== Work instructions ==
Pictures aside, the output must consist of the lines from the one containing "C'est un festival" through the end of the data, reproduced exactly.

== Dataset extract ==
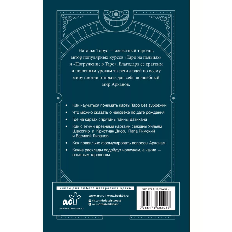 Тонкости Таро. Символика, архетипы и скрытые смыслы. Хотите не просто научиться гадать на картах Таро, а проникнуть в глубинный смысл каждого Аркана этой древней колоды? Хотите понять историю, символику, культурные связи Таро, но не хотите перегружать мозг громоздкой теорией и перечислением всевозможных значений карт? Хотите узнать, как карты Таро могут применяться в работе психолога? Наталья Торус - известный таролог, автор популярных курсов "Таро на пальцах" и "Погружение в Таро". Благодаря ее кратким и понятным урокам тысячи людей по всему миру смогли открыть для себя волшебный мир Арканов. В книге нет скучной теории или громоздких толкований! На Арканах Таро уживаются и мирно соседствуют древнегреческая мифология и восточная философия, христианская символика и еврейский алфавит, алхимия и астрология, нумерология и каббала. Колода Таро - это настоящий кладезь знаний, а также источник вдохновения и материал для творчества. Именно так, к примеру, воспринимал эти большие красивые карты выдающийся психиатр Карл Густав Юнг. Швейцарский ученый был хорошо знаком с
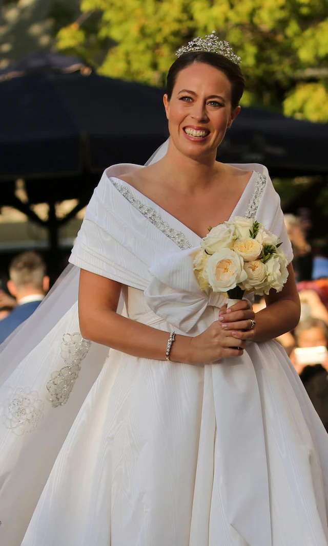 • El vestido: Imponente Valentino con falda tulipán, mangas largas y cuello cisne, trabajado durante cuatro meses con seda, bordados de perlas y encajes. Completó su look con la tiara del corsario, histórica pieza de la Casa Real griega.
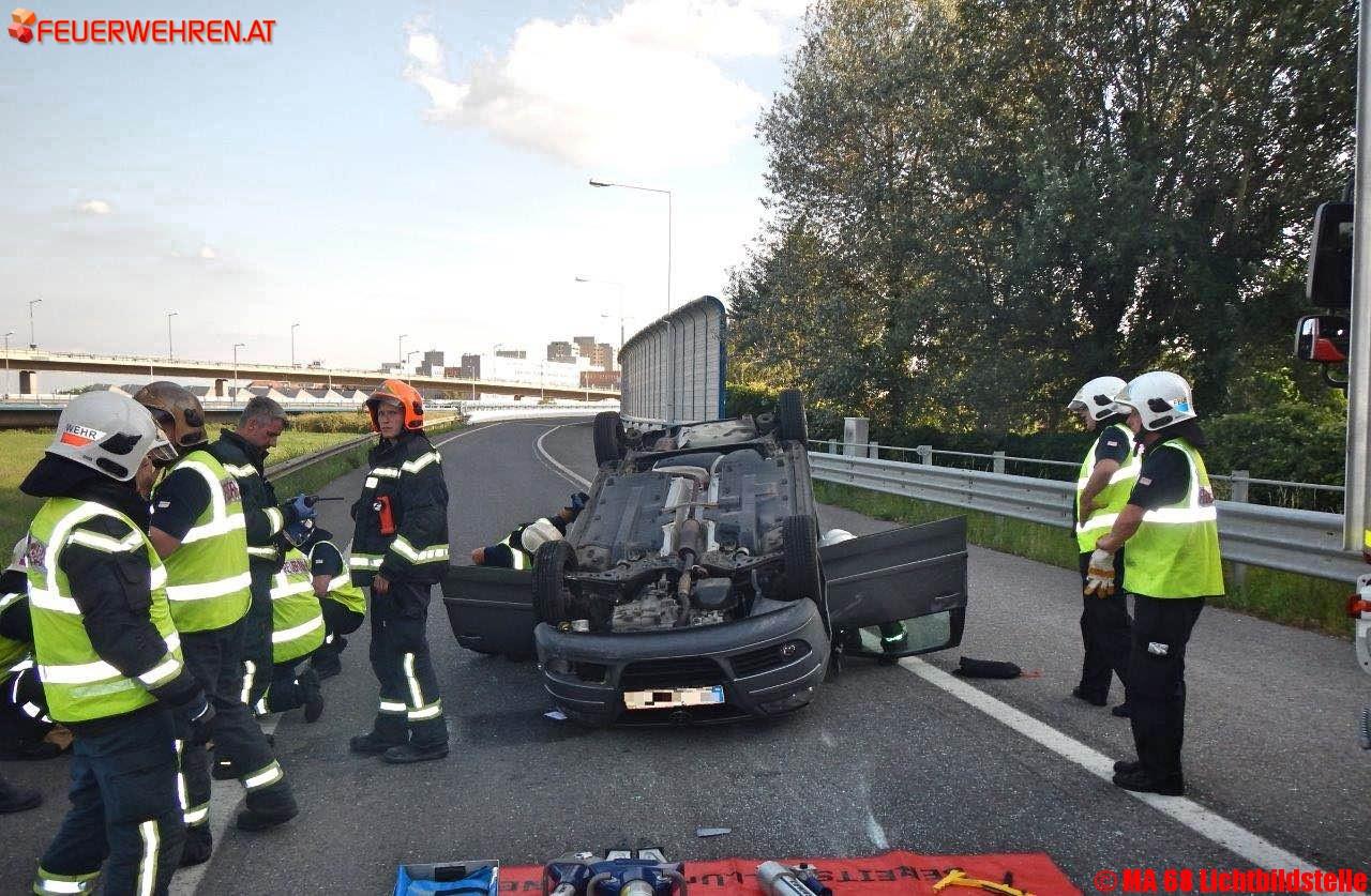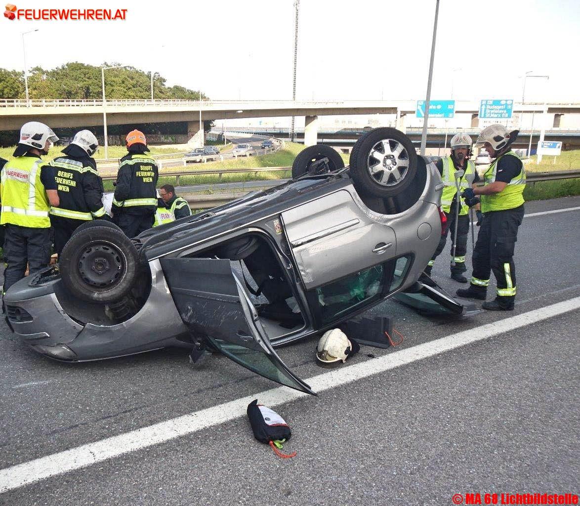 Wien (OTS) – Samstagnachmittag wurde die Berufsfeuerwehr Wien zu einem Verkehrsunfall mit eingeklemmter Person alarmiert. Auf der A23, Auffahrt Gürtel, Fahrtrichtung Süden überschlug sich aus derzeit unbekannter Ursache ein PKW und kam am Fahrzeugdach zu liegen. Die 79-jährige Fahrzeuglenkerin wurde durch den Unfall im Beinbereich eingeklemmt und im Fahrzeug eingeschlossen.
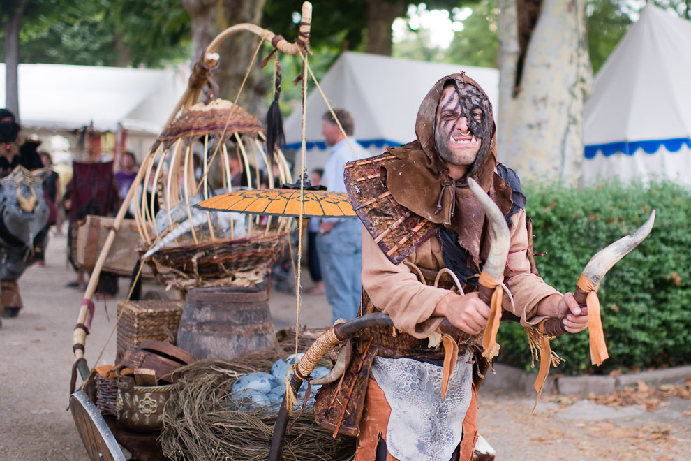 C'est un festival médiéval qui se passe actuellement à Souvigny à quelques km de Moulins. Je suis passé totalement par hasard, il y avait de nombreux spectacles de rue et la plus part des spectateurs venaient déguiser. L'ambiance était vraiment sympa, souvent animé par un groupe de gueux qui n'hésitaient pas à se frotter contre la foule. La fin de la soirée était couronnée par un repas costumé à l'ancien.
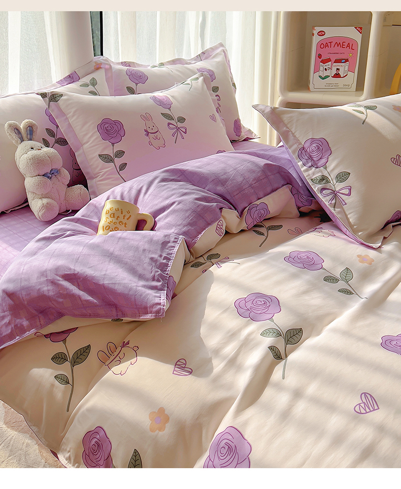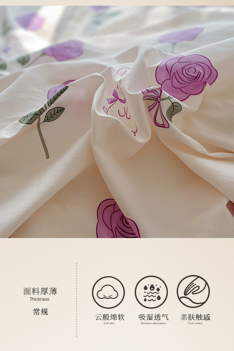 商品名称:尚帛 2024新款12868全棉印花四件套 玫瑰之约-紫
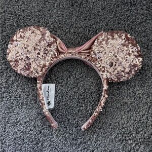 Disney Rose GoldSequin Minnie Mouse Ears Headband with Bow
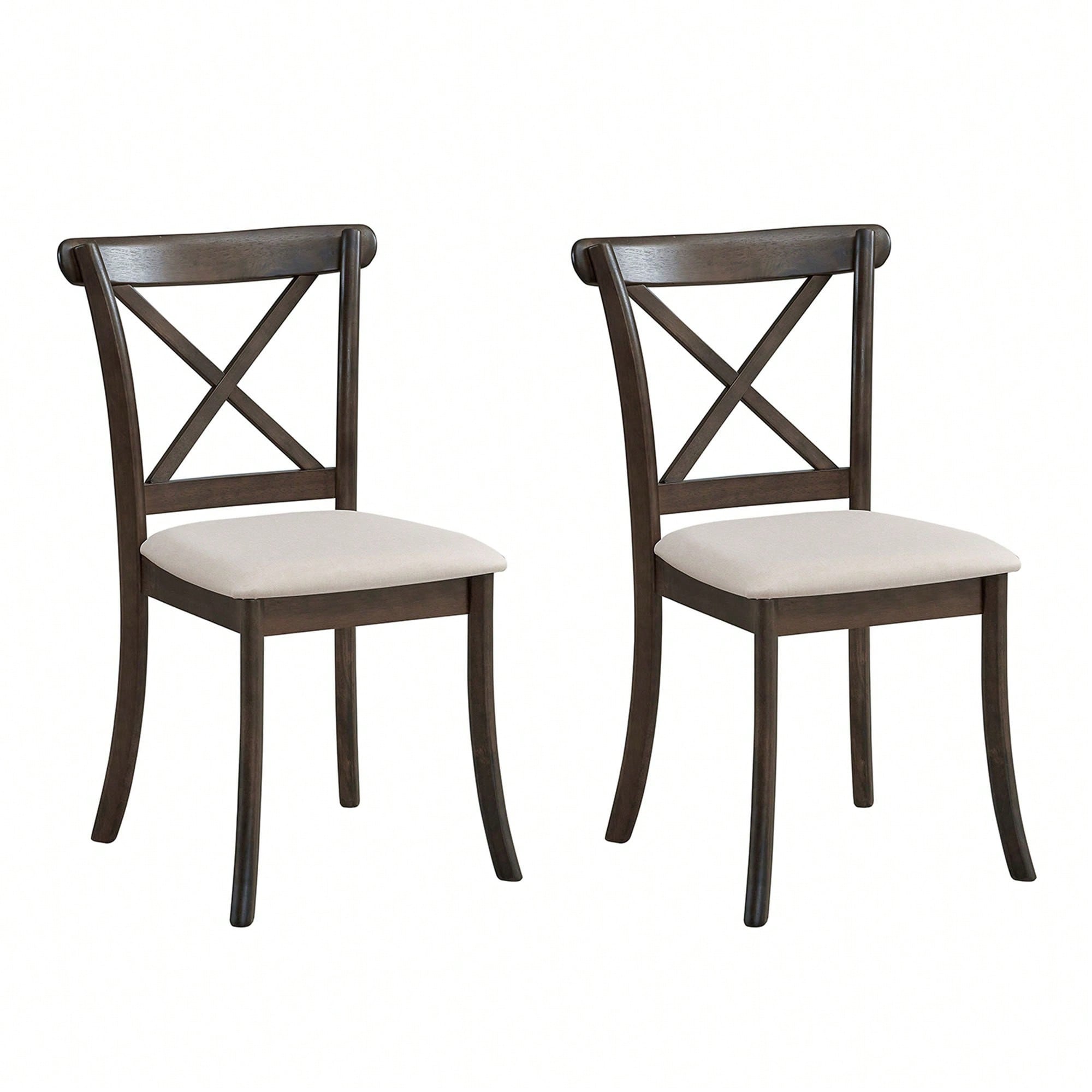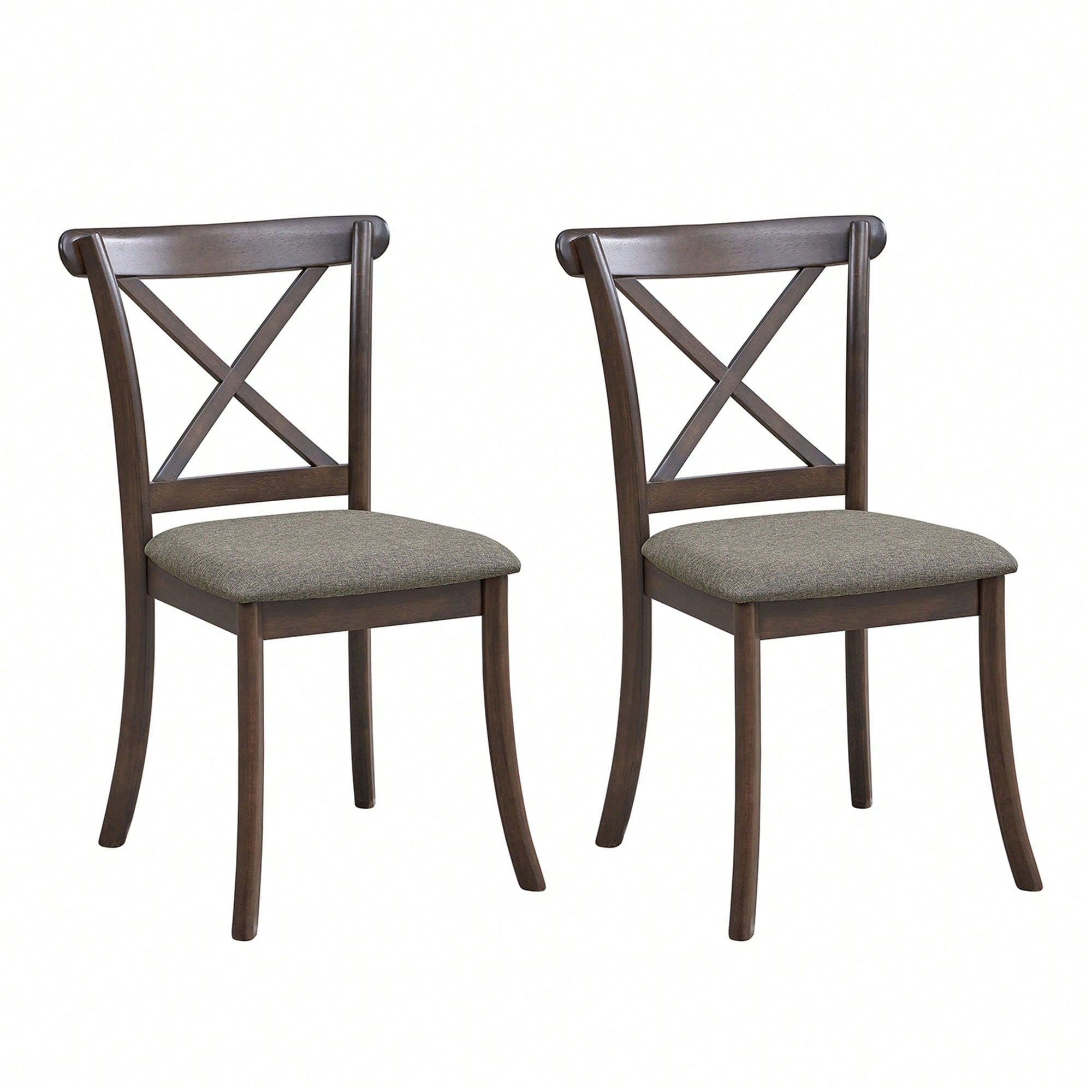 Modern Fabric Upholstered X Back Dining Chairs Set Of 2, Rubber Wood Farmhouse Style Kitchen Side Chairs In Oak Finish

== Your solution ==
 C'est un festival médiéval qui se passe actuellement à Souvigny à quelques km de Moulins. Je suis passé totalement par hasard, il y avait de nombreux spectacles de rue et la plus part des spectateurs venaient déguiser. L'ambiance était vraiment sympa, souvent animé par un groupe de gueux qui n'hésitaient pas à se frotter contre la foule. La fin de la soirée était couronnée par un repas costumé à l'ancien.
 商品名称:尚帛 2024新款12868全棉印花四件套 玫瑰之约-紫
 Disney Rose GoldSequin Minnie Mouse Ears Headband with Bow
 Modern Fabric Upholstered X Back Dining Chairs Set Of 2, Rubber Wood Farmhouse Style Kitchen Side Chairs In Oak Finish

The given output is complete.